Sunday 3 January 2021

Covid-19, Science and Education

One of the best things I watched on terristrial TV this new year was the Parliament channel's recording of a special meeting to discuss the scientific evidence on the new Covid-19 variant. It's not often we see scientists in almost a "native" mode, expressing the uncertainty around knowledge about a virus, and explaining this uncertainty as best they can to politicians whose job it is to formulate policy. You can watch it here: Parliamentlive.tv - Science and Technology Committee

The scientific rigour is impressive (and some of the questioning by the politicians is also very acute - did we inadvertantly cause this mutation? will the vaccine work against it? - no definitive answers to any of this). But it also struck me that this is a group of people who are totally focused on their scientific niche, when the virus presents a systemic problem and there is no coherent way to connect the rigour of virology to the broader social questions - particular those about children, viral transmission and schooling.

About schooling, Dawn Butler asked a pertinent question about whether schools should be closed. This was one of the more disappointing moments from the scientists. They fudged around the issue, saying things like "obviously not going to school damages children... so it's a balance".

Obviously? What do they mean by that exactly? Where is the comparable rigour behind that assumption that they show in their dealings with the virus? Calum Semple from the Sage committee was on the radio the other day even saying that the approach to education was a "whole system approach". Really? I don't know what his understanding of "whole system" is, but it doesn't look like something that systems theorists would understand as "whole system". "Whole system approach" has become a kind of sop to fend off awkward questions: interesting how the establishment appropriates systems thinking, and then does the opposite. 

We can't really have a whole system approach until we have some grasp of the relationship between natural systems and cultural systems. Our problem with education is that we conceive of it being entirely cultural, and that our culturally-defined parameters and metrics which determine the success of education are divorced from natural biological and psychological factors. Covid is screaming at us that these things are not seperable, and that we need better scientific theory in education and learning. 

In the time of Piaget, there was little doubt that learning was connected to nature. The challenge was to find the best way to connect the natural processes with the cultural, institutional organisation of society's education system. Now hardly anyone talks about Piaget in any depth. Constructivism (if anything pedagogical is discussed at all) takes its place, and rather like "whole systems", the word has become divorced from its scientific roots, and splashed around as a badge of honour to mask pedagogical and institutional approaches to learning which are the very opposite of what Piaget was talking about. Constructive alignment anyone?

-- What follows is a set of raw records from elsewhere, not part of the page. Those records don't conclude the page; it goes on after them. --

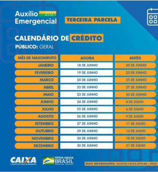 No último dia 15, a Caixa anunciou a antecipação do pagamento da terceira parcela. O calendário de depósitos, que começaria no último dia 20 e terminaria em 21 de julho, foi antecipado para o período de 18 a 30 de junho.
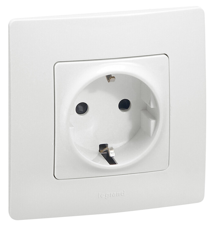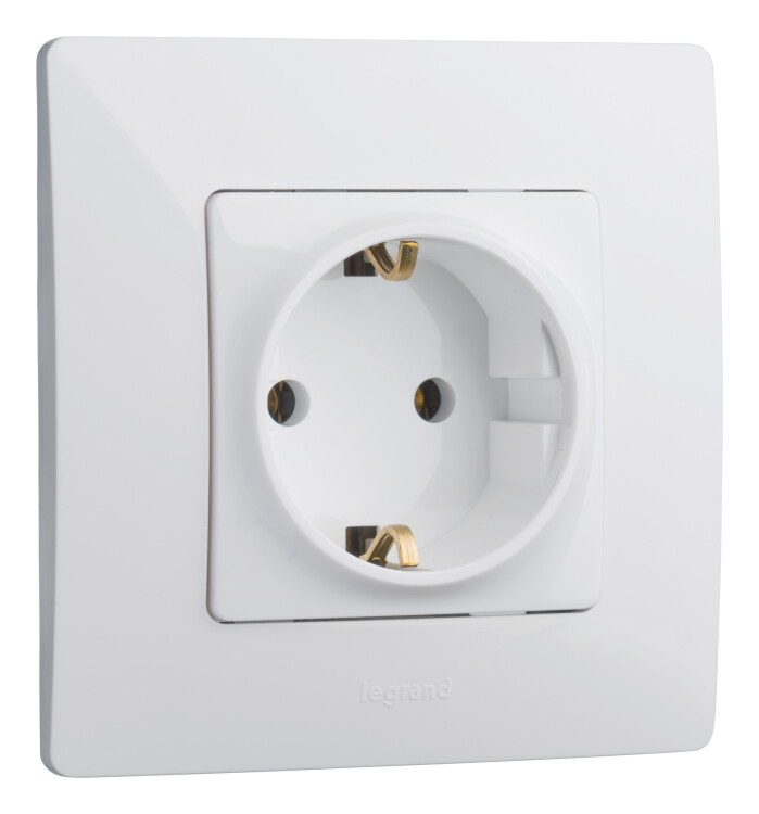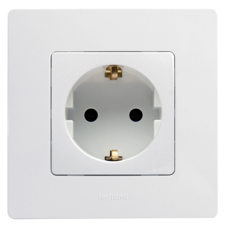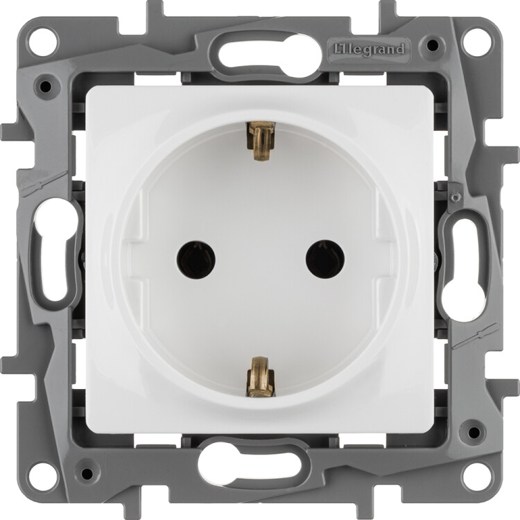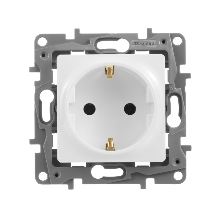 Розетка с заземлением Legrand Etika для скрытого монтажа, цвет белый. Максимальный ток 16 А, максимальная мощность 3680 Вт. Применяется в зданиях, оборудованных для повышения безопасности проводкой с заземлением (с защитным проводником).
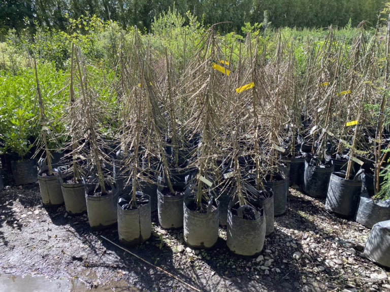Standard height is the height of the clear trunk before the graft and branching begins. Low worked (LW) trees are grafted or allowed to branch much lower on the trunk. Clear trunk (CT) vs Bushy is the difference between trimming branches up and allowing them to grow out from lower down on the trunk. Cloud pruned trees have foliage that is shaped into distinct, rounded “clouds” on carefully spaced branches.

Today the government let it be known that "online learning was a last resort" for education. A last resort from what exactly? From the cultural system that we call education which wants to maintain its convenient divorce from nature and science. As the world moves into a new era where a combination of working online alongside mass unemployment is going to bring intense stresses on existing social structures, are we really saying that face-to-face mass education which is little changed since 1900 is the way forwards? How does that prepare the kids for the world as its becoming? The answer is, it doesn't: it prepares the kids for their parents' and teachers' world that we are leaving behind. 

This is not to say that the online education we have today is good. It's obviously mostly terrible. But it's terrible because the computer is being used to reproduce the function of the old system. But a proper "whole system approach" would change the system. 

I don't think it's that difficult to imagine how things could be much better.  The effect of technology upholding ancient institutional practices and structures has been an increasing transactionalisation, increasingly mundane technological work for learners and teachers, and a fundamental loss of meaning in the activities of learners and teachers, from primary school onwards. Education risks meaninglessness and irrelevance. 

How do we put the meaning back into our teaching and learning activities? They must be reconceived around the manifest and fundamental uncertainties that face us all. Rather than drilling knowledge that everyone already knows into young minds, education could be a process of renewal where the questions that nobody knows the answer to are addressed by young and old together. And yes, you can teach maths like that! That was pretty much what was going on the Science and Technology Committee.